#### Material provided ####

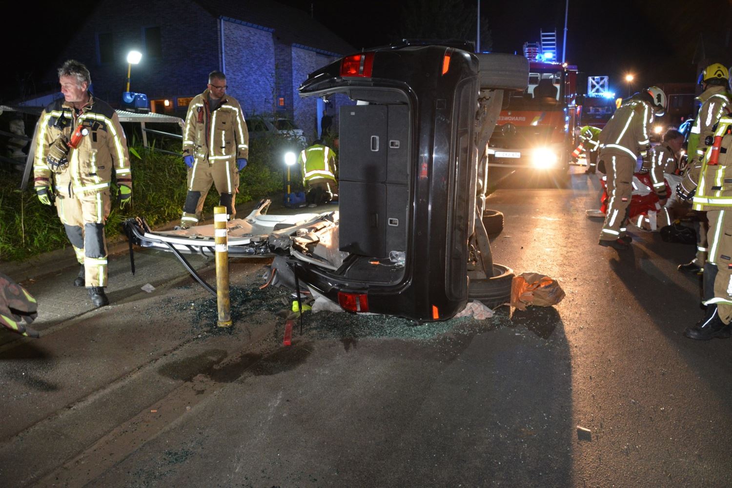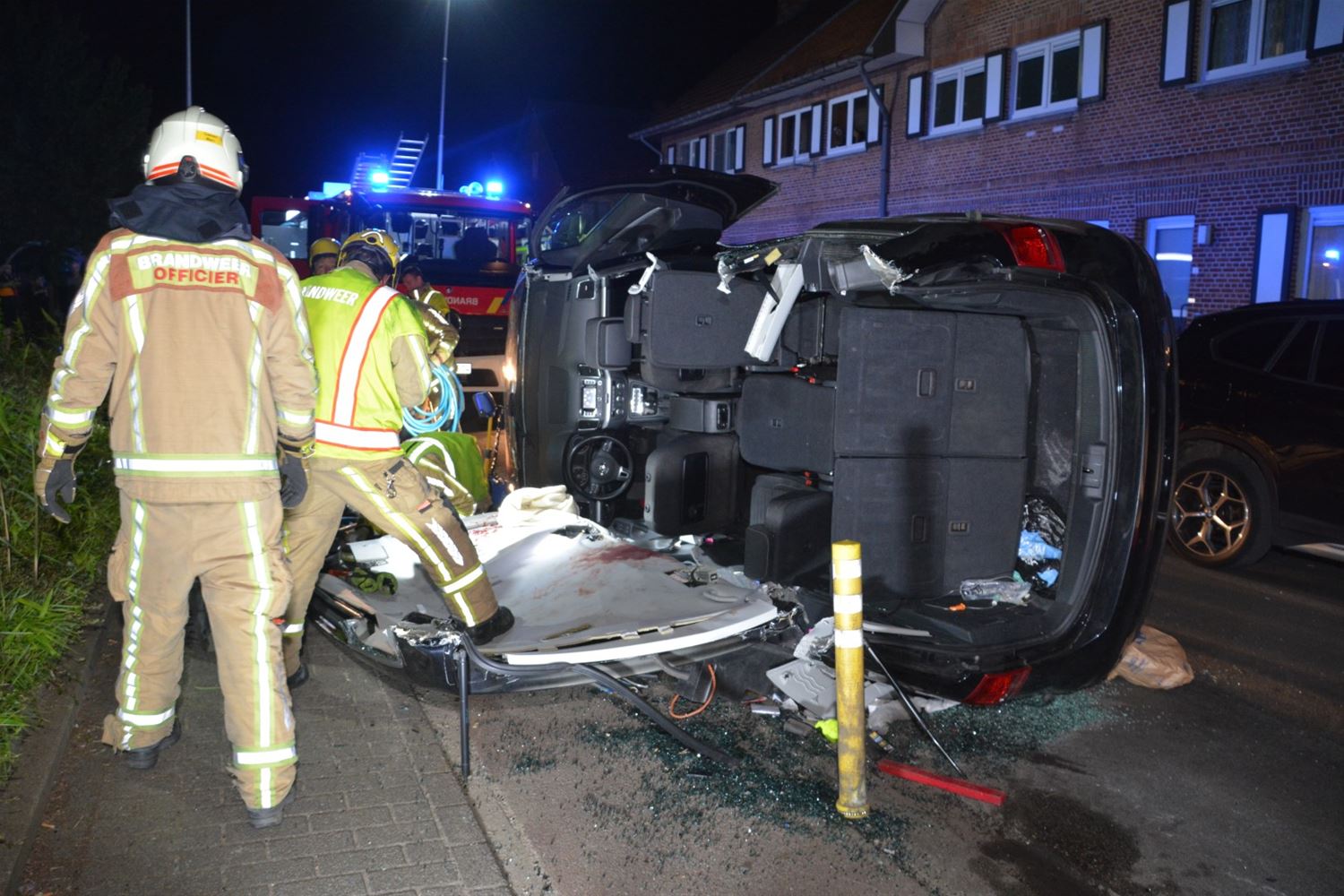 Brandweer bevrijdt 5 gewonden uit gekantelde auto
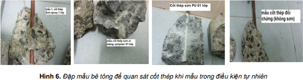 Sau 17 tháng đặt mẫu trong điều kiện tự nhiên, tác giả đã đập bỏ phần bê tông bảo vệ của các mẫu có sơn 01 lớp lên cốt thép và quan sát lớp sơn bảo vệ cốt thép. Lớp sơn bảo vệ không bị lão hóa hay bong tróc. Cốt thép được phủ sơn bảo vệ chưa bị ăn mòn, tuy nhiên cốt thép của mẫu đối chứng đã bị ăn mòn, xuất hiện gỉ lấm tấm.
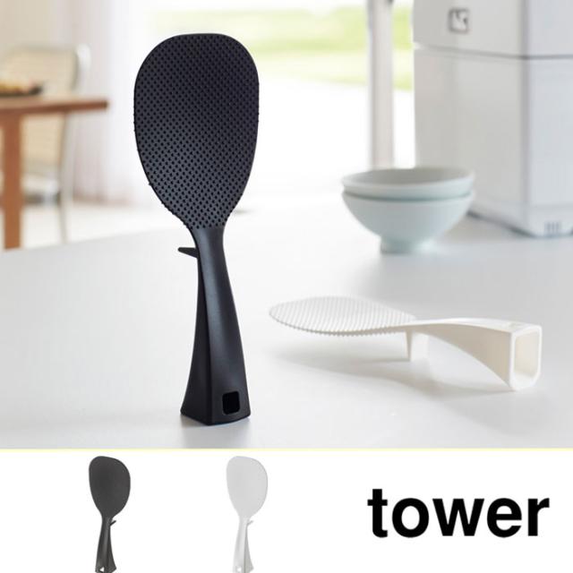 tower タワー 立って置ける しゃもじ ホワイト・ブラック【立つしゃもじ/立つ/立てられる/杓文字/くっつかない/フック穴/プラスチック/耐熱/収納/台所/キッチン小物/キッチンツール/yamazaki/山崎実業】
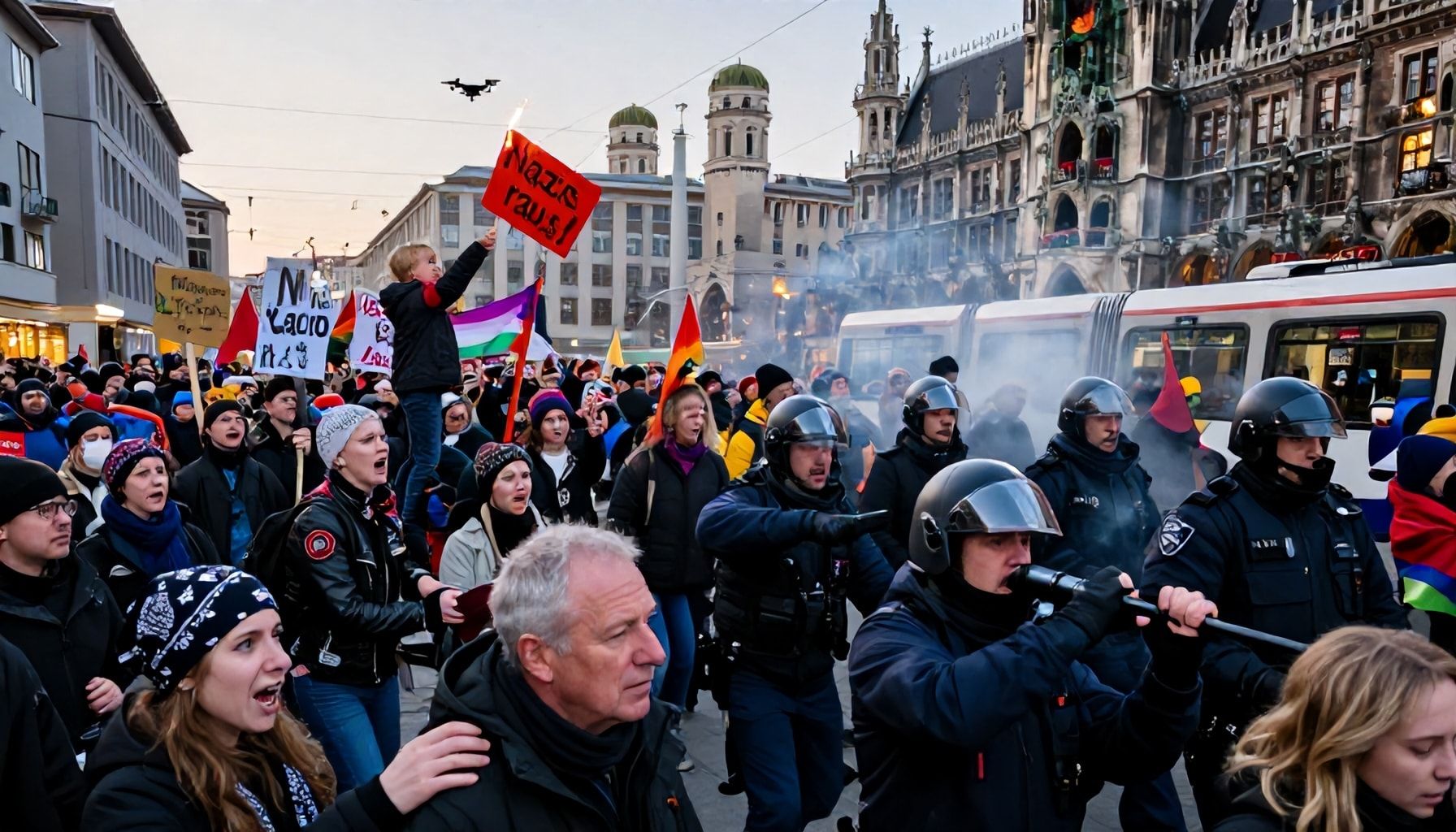 Die zunächst friedliche Stimmung auf der Münchner Großdemo gegen Rechtsextremismus kippte am späten Nachmittag, als eine Gruppe von etwa 200 Vermummten am Odeonsplatz begann, Barrikaden aus Mülltonnen und Absperrgittern zu errichten. Augenzeugen berichteten von gezielten Provokationen gegen die Polizei, die daraufhin mit Lautsprecherdurchsagen zur Auflösung aufforderte. Als die Situation eskalierte, setzte die Bereitschaftspolizei Pfefferspray ein, um die Menge zurückzudrängen. Mehrere Demonstranten warfen Flaschen und Pyrotechnik in Richtung der Beamten, wie Videomaterial lokaler Medien zeigt.
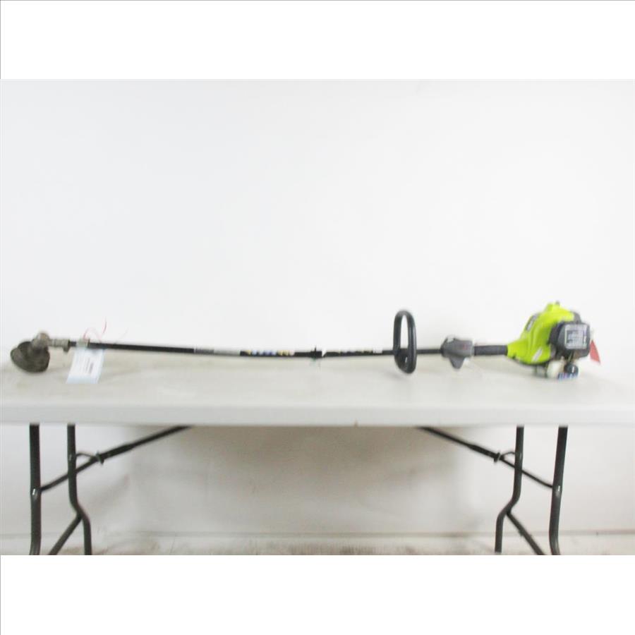 Get a great deal with this online auction for a gardening tool presented by Property Room on behalf of law enforcement or public agency client. Brand: Ryobi Model: RY253SS Color : Green Gas powered, pull cord start, kill switch, Straight bar, 25cc engine, adjustable grip handle, adjustable bar length, missing line guard. - Measurements: 66"
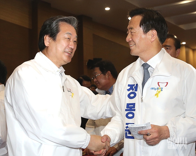13일 오후, 서울 여의도 국회 의원회관에서 열린 6·4지방선거 중앙선거대책위원회 발대식에서 정몽준 서울시장 후보가 김무성 의원과 악수를 나누고 있다.
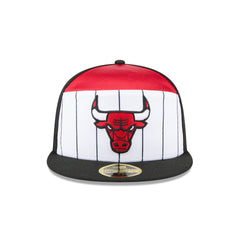 The Chicago Bulls 2025 Tip-Off Split Panel 59FIFTY Fitted Cap features an embroidered Bulls logo at the front panels against a pinstripe jersey fabrication with the NBA Logoman at the right-wear side. Additional details include a team wordmark at the rear and a gray undervisor.

####

→ **What this task involves**: Produce an exact copy of the records above, leaving out the pictures.

→ **Output of the exercise**:
 Brandweer bevrijdt 5 gewonden uit gekantelde auto
 Sau 17 tháng đặt mẫu trong điều kiện tự nhiên, tác giả đã đập bỏ phần bê tông bảo vệ của các mẫu có sơn 01 lớp lên cốt thép và quan sát lớp sơn bảo vệ cốt thép. Lớp sơn bảo vệ không bị lão hóa hay bong tróc. Cốt thép được phủ sơn bảo vệ chưa bị ăn mòn, tuy nhiên cốt thép của mẫu đối chứng đã bị ăn mòn, xuất hiện gỉ lấm tấm.
 tower タワー 立って置ける しゃもじ ホワイト・ブラック【立つしゃもじ/立つ/立てられる/杓文字/くっつかない/フック穴/プラスチック/耐熱/収納/台所/キッチン小物/キッチンツール/yamazaki/山崎実業】
 Die zunächst friedliche Stimmung auf der Münchner Großdemo gegen Rechtsextremismus kippte am späten Nachmittag, als eine Gruppe von etwa 200 Vermummten am Odeonsplatz begann, Barrikaden aus Mülltonnen und Absperrgittern zu errichten. Augenzeugen berichteten von gezielten Provokationen gegen die Polizei, die daraufhin mit Lautsprecherdurchsagen zur Auflösung aufforderte. Als die Situation eskalierte, setzte die Bereitschaftspolizei Pfefferspray ein, um die Menge zurückzudrängen. Mehrere Demonstranten warfen Flaschen und Pyrotechnik in Richtung der Beamten, wie Videomaterial lokaler Medien zeigt.
 Get a great deal with this online auction for a gardening tool presented by Property Room on behalf of law enforcement or public agency client. Brand: Ryobi Model: RY253SS Color : Green Gas powered, pull cord start, kill switch, Straight bar, 25cc engine, adjustable grip handle, adjustable bar length, missing line guard. - Measurements: 66"
13일 오후, 서울 여의도 국회 의원회관에서 열린 6·4지방선거 중앙선거대책위원회 발대식에서 정몽준 서울시장 후보가 김무성 의원과 악수를 나누고 있다.
 The Chicago Bulls 2025 Tip-Off Split Panel 59FIFTY Fitted Cap features an embroidered Bulls logo at the front panels against a pinstripe jersey fabrication with the NBA Logoman at the right-wear side. Additional details include a team wordmark at the rear and a gray undervisor.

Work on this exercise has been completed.